All over downtown Havana, we saw signs of this small business renaissance, with refurbished rooms for rent and boutique eateries boasting live salsa music and high-quality meals for about $10. State-run hotels and restaurants, notorious for bad food and bad service, now face competition from well-run, family businesses.
While Trump’s rollback of Obama’s opening just went into effect, he announced his plans back in June before a crowd of hardline anti-Communist Cuban-Americans. Then, in September, came another setback for U.S.-Cuba relations, when the United States said that U.S. personnel in Cuba had been subjected to mysterious sonic attacks that affected the health of 24 diplomats. The U. S. government withdrew nonessential personnel and diplomat family members from the U.S. Embassy in Havana. On Sept. 29, the State Department put out a “Cuba Travel Warning.” It said that because the U.S. Embassy employees’ safety was at risk and the U.S. had been unable to identify the source of the attacks, “we believe U.S. citizens may also be at risk and warm them not to travel to Cuba.”
All the Cubans we talked to thought the sonic attack was a bunch of baloney. From taxi drivers to government officials to dissidents, Cubans told our group that the whole episode was concocted to justify turning back the clock on Obama’s détente with Cuba. “Maybe they had hearing losses because the reggaeton music here is so loud,” joked one taxi driver. “But to say Cuba is unsafe is a lie. Cuba is the safest country in the world. You can walk around here alone at 2 a.m. in the morning, and no one will bother you.”

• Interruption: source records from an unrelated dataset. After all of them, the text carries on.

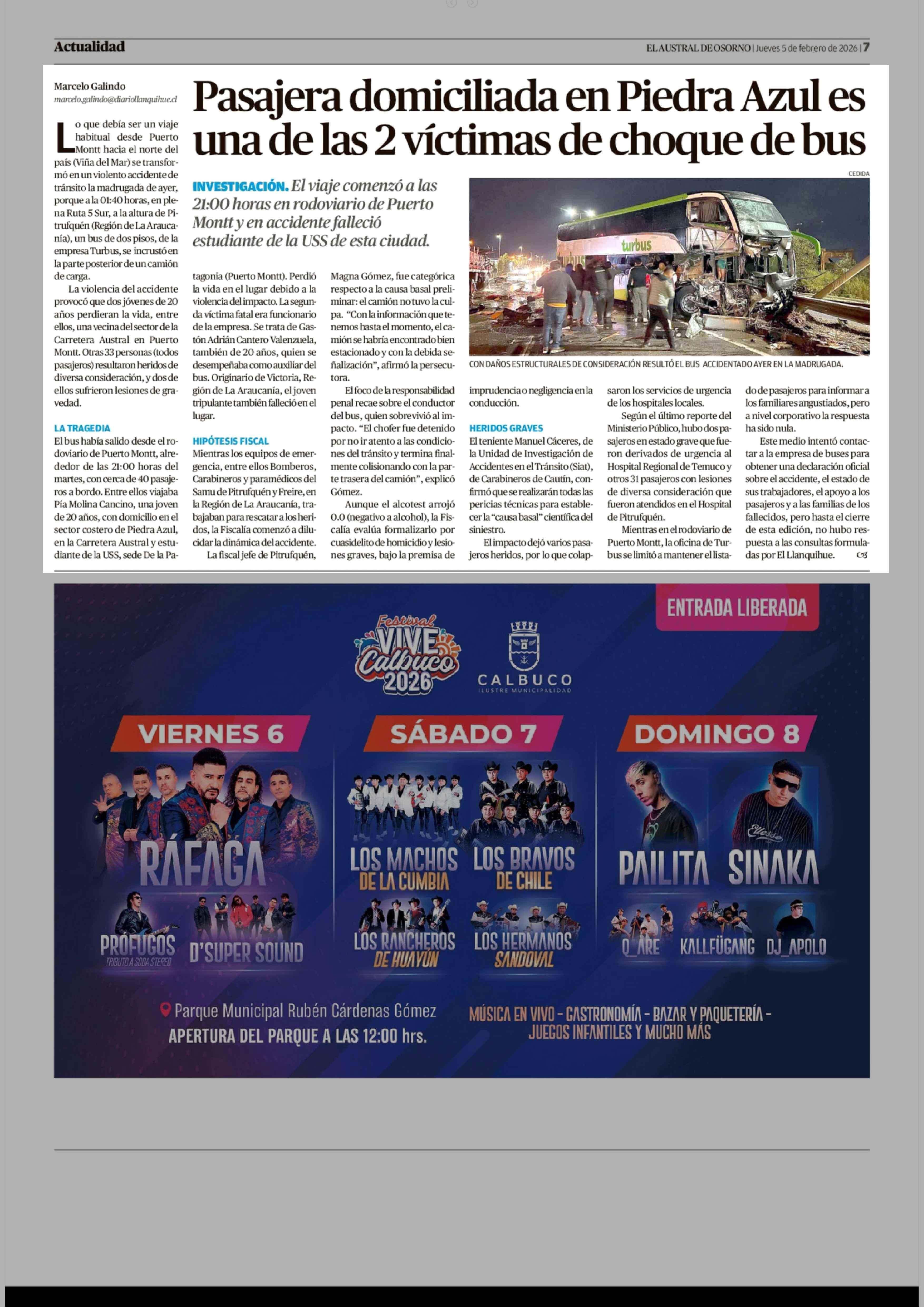 Pasajera domiciliada en Piedra Azul es una de las 2 víctimas de choque de bus 05-02-2026 El Austral de Osorno |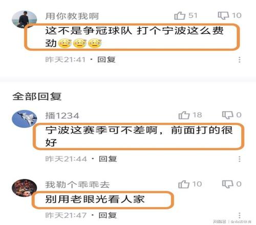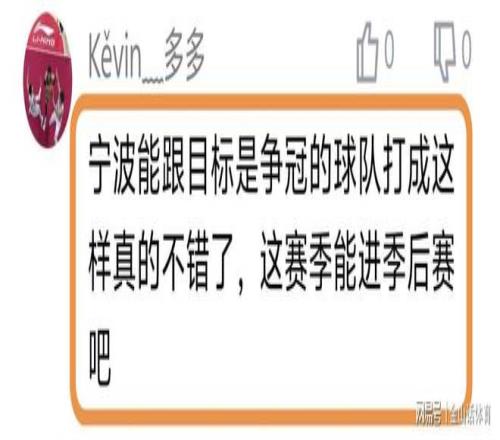 寧波隊雖然輸球,但卻贏得了眾多球迷的讚譽。“寧波這賽季可不差啊,前麵打的很好”;“別用老眼光看人家”;“寧波能跟目標是爭冠的球隊打成這樣真的不錯了,這賽季能進季後賽吧”;“咱就說寧波強不強吧”;“戰績在那,加油。”。“寧波今年打通任督二脈了?”……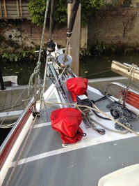 I övrigt så har denna vecka varit fylld med möten med människor och beting av olika slag. Efter vårt blåsiga väder häromdagen så hade Mr Kees presenning på hans båt blåst av. Så Kapten Betong tillbringade en halv dag med Kees och de fixade med båten och fikade.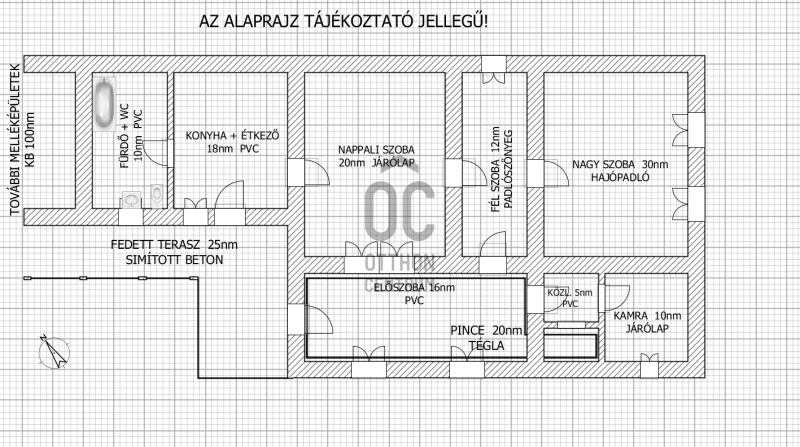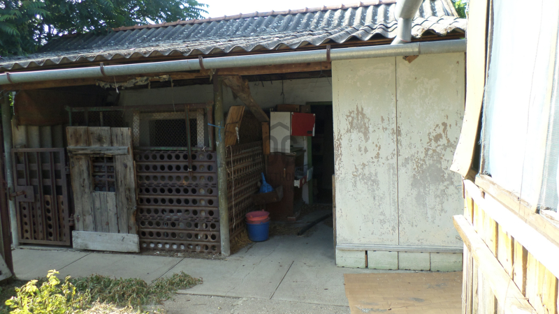 A telek nem nagy, így az építési vonalon végig nyúlik a melléképület, melyben tárolók, állattartásra alkalmas ólak találhatók. Mivel sarki telek, így előnye, hogy a porta két irányból is megközelíthető.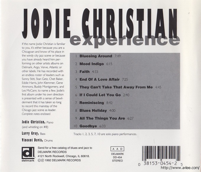 JAZZCD名称:Experience 艺术家名称:Jodie Christian 发行公司:Delmark 发行编号:DD-454 发行日期:1992年 唱片美图: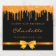 Faux gold coloured ribbon and bow with faux gold glitter drips, paint dripping look.  A chic black background. Personalise and add a name and a date.  With the text. Happy 21st (or any age) Birthday. Golden coloured letters, a modern hand lettered style script.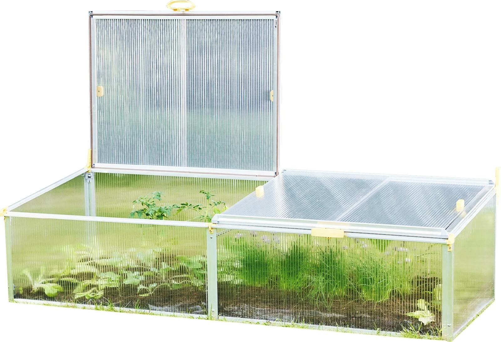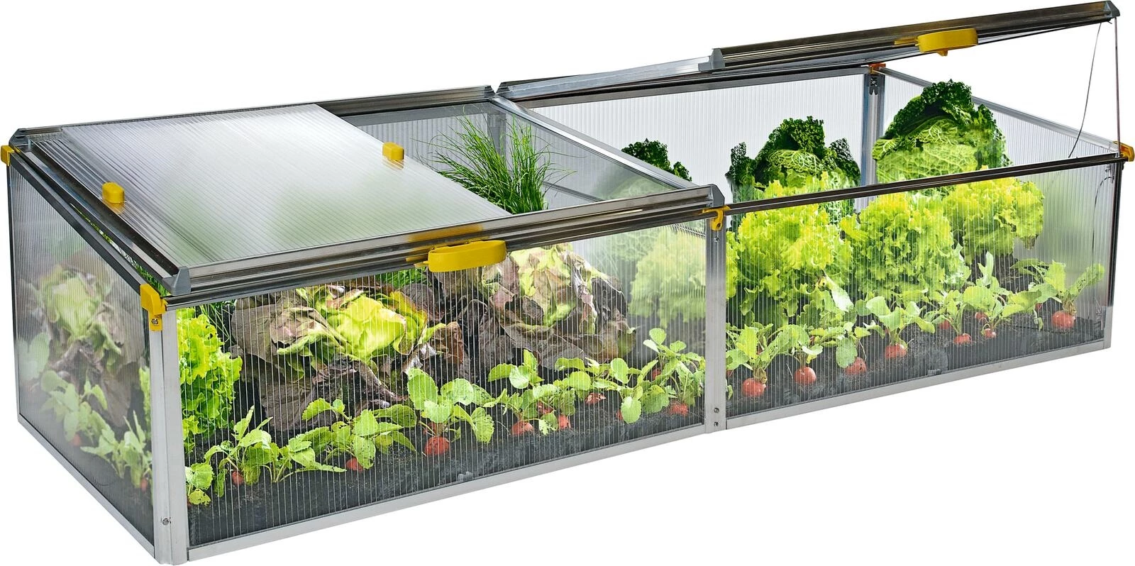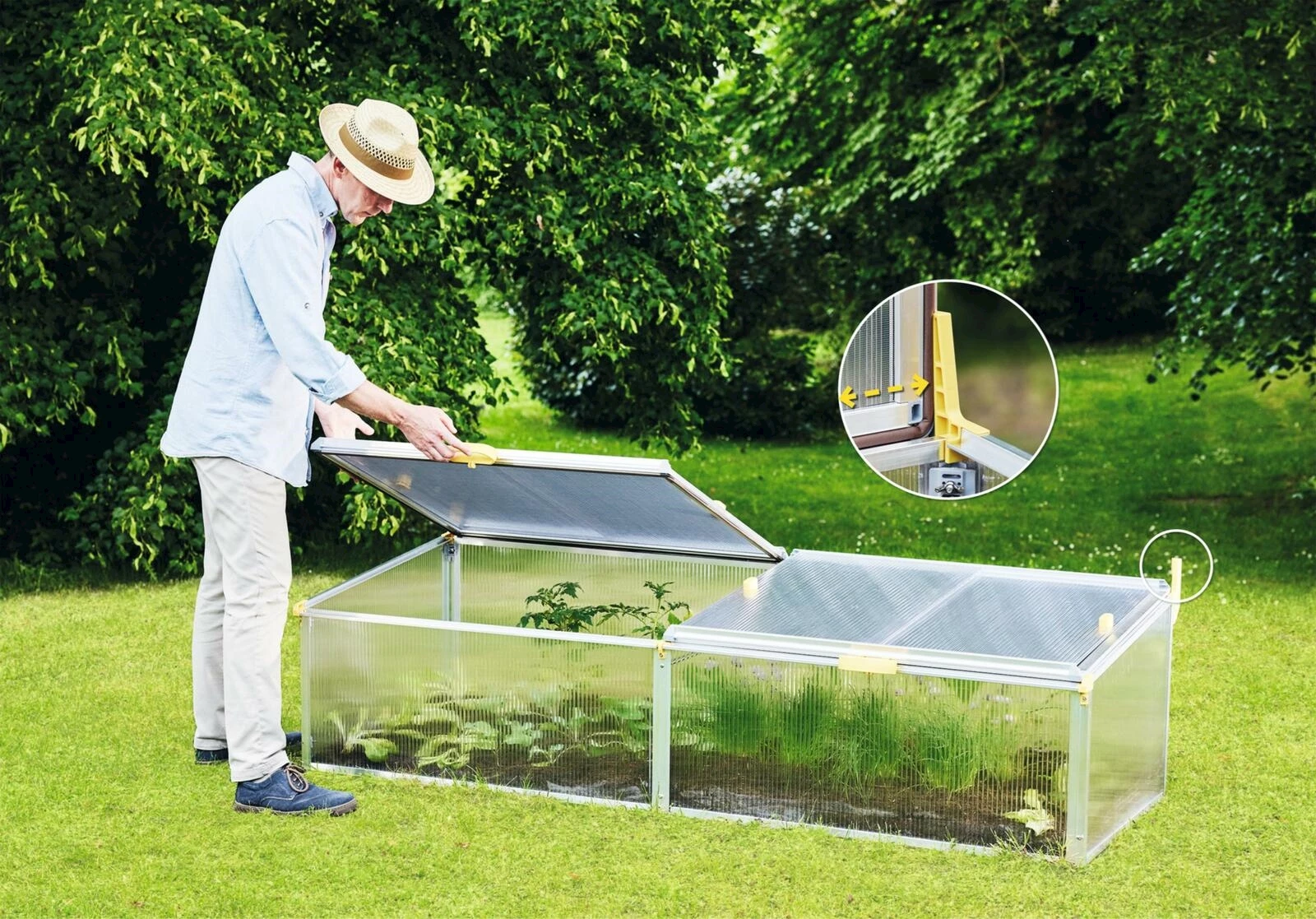 La plate-bande est aérée en continu par les fenêtres coulissantes avec le filet antiparasitaire intégré. Les vitres thermiques peuvent être retirées en été, le filet protège du soleil, de la grêle et des nuisibles. Cette couche précoce est extrêmement stable grâce à son cadre en aluminium solide et résistant à la corrosion. L'aération en continu par les fenêtres coulissantes garantit un apport optimal en oxygène. Arrosage par le filet. Vitres thermiques de 8 mm, stabilisées contre les UV (garantie 10 ans contre les UV).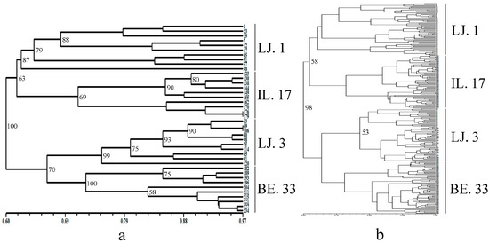 The Unweighted Pair Group Method with Arithmetic Mean (UPGMA) dendrogram of common vetch based on Jaccard’s genetic similarity; only bootstrap values higher than 50% are presented. (a) Forty individuals of four germplasm; (b) 240 individuals of four germplasm and the genetic distance of start codon targeted (SCoT) markers.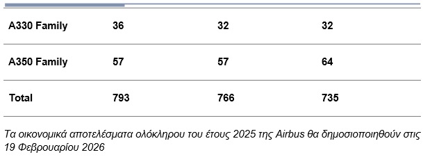 Η Airbus παρέδωσε το 2025 συνολικά 793 εμπορικά αεροσκάφη σε 91 πελάτες παγκοσμίως και κατέγραψε 1.000 νέες ακαθάριστες παραγγελίες στον τομέα των Εμπορικών Αεροσκαφών.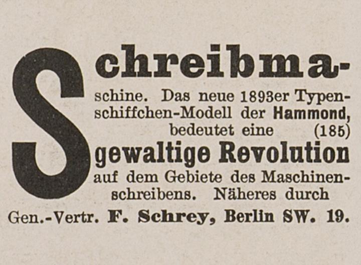 Zeitungsblatt (Illustrirte Zeitung) mit Werbeanzeige für Schreibmaschine Hammond monochrom, drei Exemplare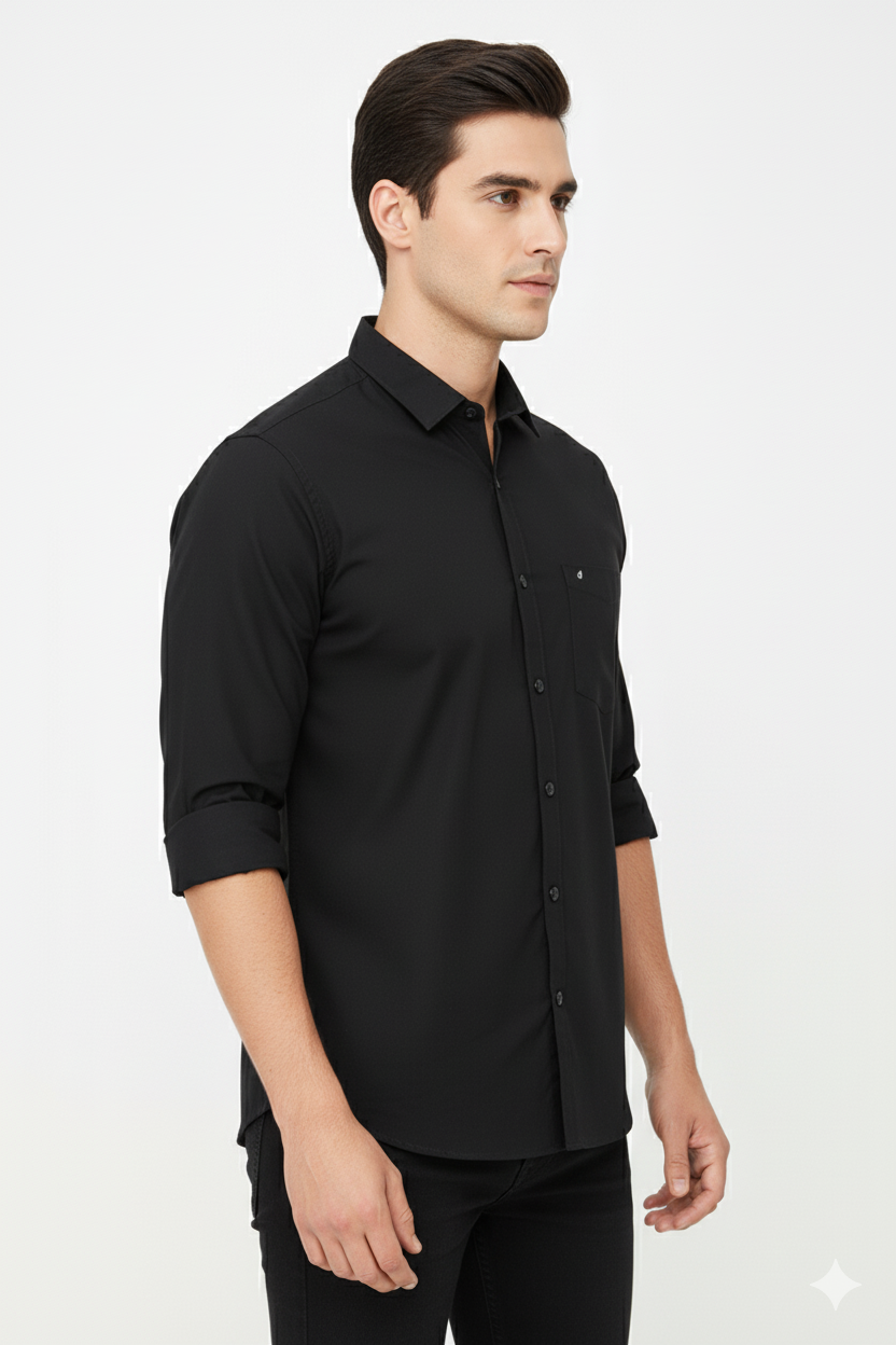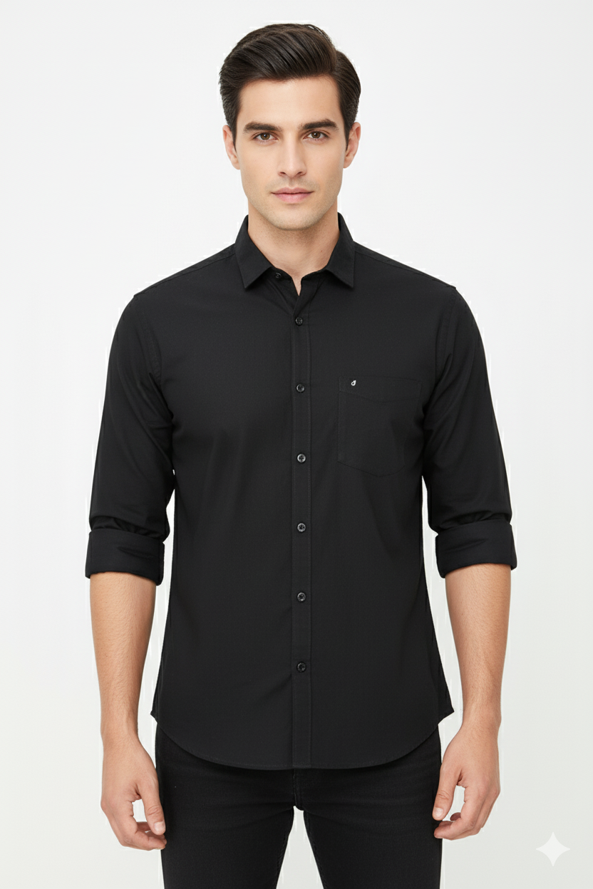 A sleek and versatile black cotton shirt that defines timeless style. Ideal for formal, semi-formal, and casual occasions alike.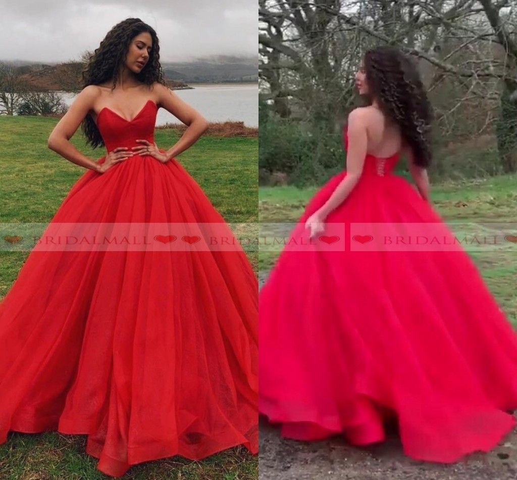 Hot Promo Ed5d Red Ball Gown Prom Dresses 2019 Sweetheart Tulle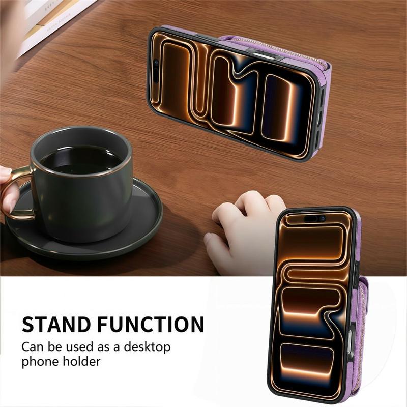 Draag je telefoon, pasjes en geld in één gestroomlijnd accessoire met deze portemonneehoes met rits voor iPhone 17 Pro Max. Gemaakt van duurzaam TPU gecoat in eersteklas polyurethaan leer, biedt hij alledaagse bescherming en vervangt hij de noodzaak van een aparte portemonnee. Perfect voor wie stijl, gemak en veiligheid in één wil.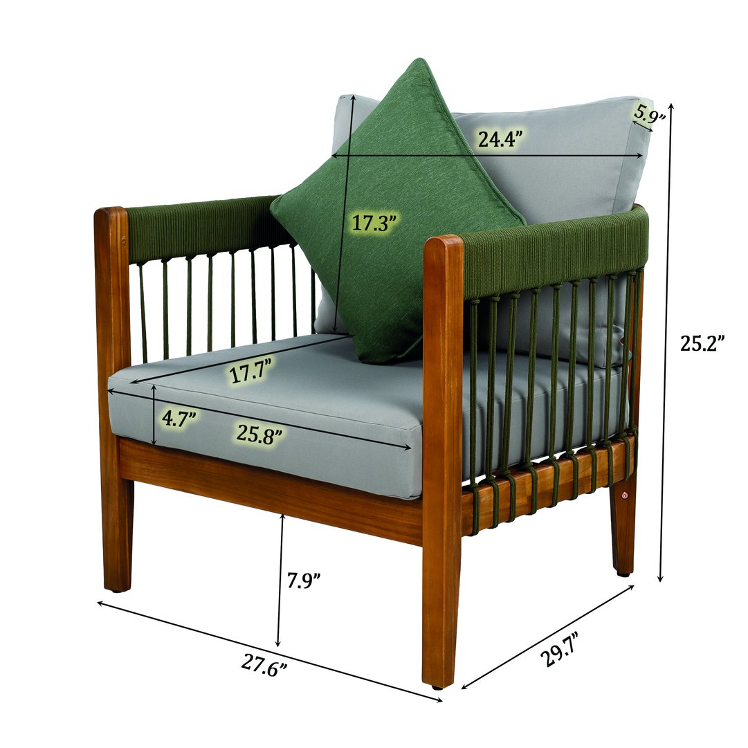 - Set Includes: Three matching acacia wood club chairs with removable cushions (color: Green, Natural + Beige).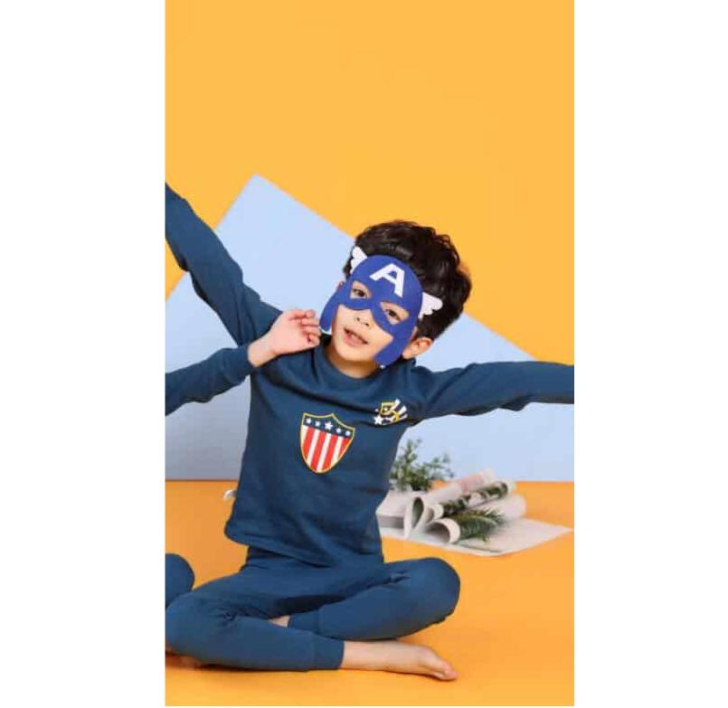 Votre petit souhaite incarner un super héros ? Et si vous exauciez son vœu, même juste pour quelques nuits ? Grâce à cet ensemble pyjama estival bleu en coton deux pièces, il pourra se transformer en Captain America le temps d’une nuit ou plus. Ce pyjama est idéal tant pour les nuits estivales que pour les moments de détente diurnes.

Between the new restrictions and the travel warning, Cuba’s burgeoning private sector has already felt what Cubans call “the Trump effect.” Jose Colome, owner of Starbien private restaurant in Havana that employs 35 people, shook his head in disgust. “We had 48 reservations from U.S. tourist groups booked in the past three months; 30 of them cancelled.”
Proximity Cuba, a travel agency catering to U.S. university groups, lost half its business in one fell swoop. “We had developed wonderful programs for U.S. students in Cuba. Suddenly, the administrators read the travel warning, and got cold feet and cancelled,” said Proximity Cuba’s director, Rodrigo Gonzalez.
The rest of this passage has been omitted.